# Mora Classic Mod



## jacktheclipper (Aug 7, 2010)

I blowtorched the paint off , dremeled the spine flat , dremeled a finger choil and randomly fileworked the handle for better grip .



Uploaded with ImageShack.us


----------



## carrot (Aug 7, 2010)

Interesting new grip. I'm a big fan of the wooden handled Moras.


----------



## ~UB~ (Sep 23, 2010)

Nice find...
I am a fan of the Mora's.
They wick up a scary edge with no trouble at all and can be had for a few bucks!!!


----------



## NonSenCe (Sep 23, 2010)

interesting mod. how much you have wood between the tang and the new fingerchoil. did you check? is there already a chance it will break/split the handle if used errmm.. little more vigorously when carving something?

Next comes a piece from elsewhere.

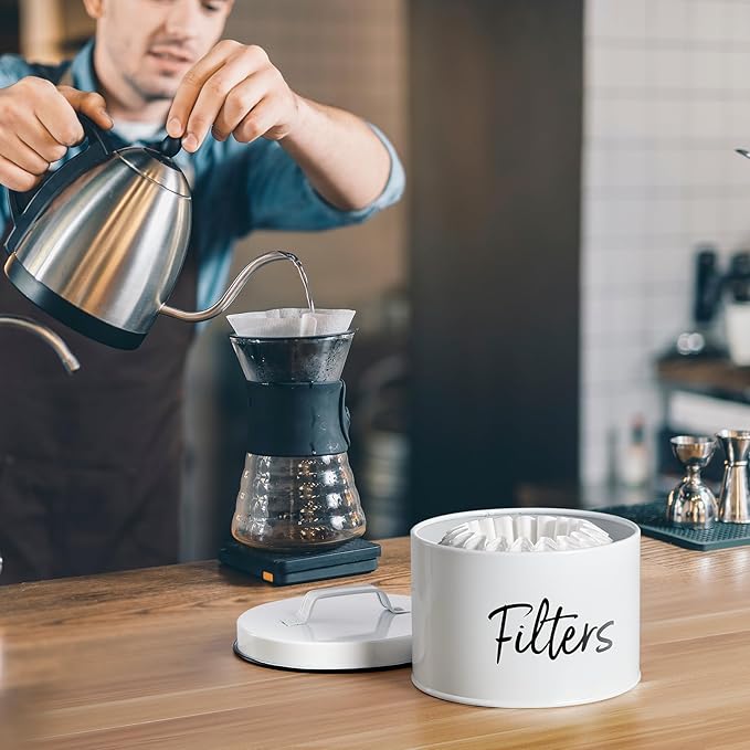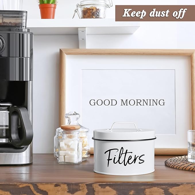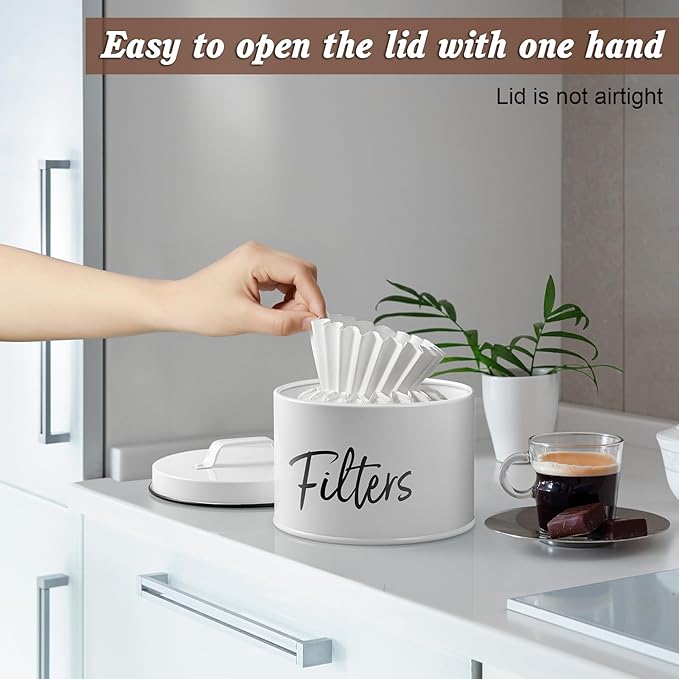 - Coffee Filter Holder with Lid: The lid of coffee filter storage helps keep dust off of the actual filters, and the handy handle on top lifts the lid off. It helps keep your coffee accessories tidy and organized, easy access to the items you want(Tips: The lid is not airtight)

and btw.. it seems like those wooden handle moras are getting harder to find.. all seem to be those plastic ones. and i really like the feel of the real wood in fixed blade knife handle. (thats why i do dabble making my own now and then.. atleast buying a pre made blade and making a handle myself)

the plastic ones.. even the cheapest one made is still great value knife.. and they are used by pretty much everyone over here. red handle mora is almost synanomous to general use craftsman/handyman knife. 

dont think i ever thrown one away. (lost few tho ) but never had the need to throw away.. you can always sharpen it or re-model it again to stubbyer one even if it got twisted in two parts after abusing it as prybar  

which reminds me.. i still have one loose blade left somewhere.. i kinda hammered the plastic handle off when trying to pry something off. the blade needs a little reprofiling but its still doable. maybe i should start to make a new handle to it finally. maybe one with brass rivets because of the weird shape of the tang.. 

appletree handle maybe. or birch. ..both i have ready. hmm.. or should i make one side of appletree and other side from something darker wood.. (daydreaming moment..)


----------



## gelande-strasse (Oct 3, 2010)

Good call on the choil. The stock shape looks like a real finger/hand slicer.


----------